Men wrestle with what they mean on a grand scale. Women aren’t afforded that luxury. And now we have jumped right down the slimy throat of sexism.

She stops, shifts, then looks at me and says, “I don’t…I don’t know, I guess…I feel like things ended too soon. That there was still so much more surfing left, so much more to accomplish. It just kind of ended but it didn’t need to. Some of my best surfing has only just happened. I mean, Kelly’s 40…whatever only a couple years younger than me and he’s not getting any worse. He’s surfing way more and much better waves than I am…and I still feel like I’m not getting worse.”

When she says the last sentence her voice sounds like its pleading, like it’s supplicating. Not me. What do I have to give? But God. It is at the same time inspirational and heartbreaking.

I had wanted to learn what keeps an icon inspired but in this very moment realize what an entirely chauvinistic concept this even is. Men can wrestle with what they mean on a grand scale. Women aren’t afforded that luxury. Lisa is not afforded that luxury. And now we have jumped right down the slimy throat of sexism.

Surfing is sexist, undeniably, but what does a man know about it? What do I know about it? I have never been on the blunt end of discrim-ination. Anything I write will, therefore, ring hollow and I will be a son of a bitch. Women know about sexism. They know it all too well but if a woman, if Lisa, starts to define her experience through a prism of sex she will be written off as a bitch.

And this is a hard reality. She continues to dry her tears, continues to laugh and blame her mother for the uncontrollable water works. I take a sip of my hair of the dog and the mezcal feels like smoke. And the son of a bitch sits across a sea of half eaten disgusting meats from the bitch, stuck. I can’t write about it. She can’t talk about it.

Photo by Jeff Divine. 

And here is also a difficult truth. Surfing is essentially feminine. It is a dance upon the water. It is ballet. And Lisa Andersen is the very definition of feminine. Magnificently so. It is why I had to cross the Quiksilver Pro VIP tent early in the morning just to stand next to her. It is why I can’t turn away when she paddles out.

Lisa Andersen surfs with grace, with beauty, but peppered in bits of Tom Curren and Martin Potter along the way and so surfs in a cloud of perfumed rage. Her movement, rhythm, dance is perfect and even more perfect now then it was a decade ago, two decades ago when Surfer magazine put her on the cover with the words “Lisa Andersen Surfs Better Than You.” She did and she does.

So why then?

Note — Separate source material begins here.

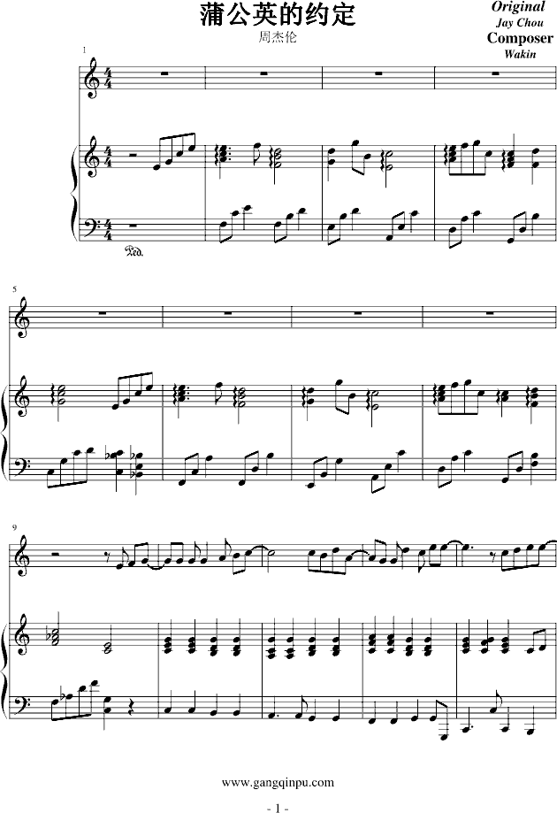 蒲公英的约定-伴奏-钢琴谱(钢琴曲)-周杰伦免费钢琴谱_五线谱: 点击: 1000 图片可能经过缩放,手机长按或点开后长按保存,电脑鼠标右键保存.

Why are we so impossibly sexist? Why can’t we both recognize and properly glorify our brightest lights?

Why?

And while we’re all thinking about this, thinking about our hard hearts and crusty ways, maybe Lisa should just run away again. The thought of being out of the water, in juvenile hall, for two years launched a 16-year-old girl westward and into a life bigger than most dreams. She needs to surf and the surf needs her. Maybe she should bring some nice things down to Salina Cruz and disappear.

Or maybe not. Maybe she needs to wrestle against this sexist madness for a minute longer. Maybe she needs to cry and kick and scream and finally explode. It was Nietzsche, after all, who said, “One must still have chaos in oneself to be able to give birth to a dancing star.”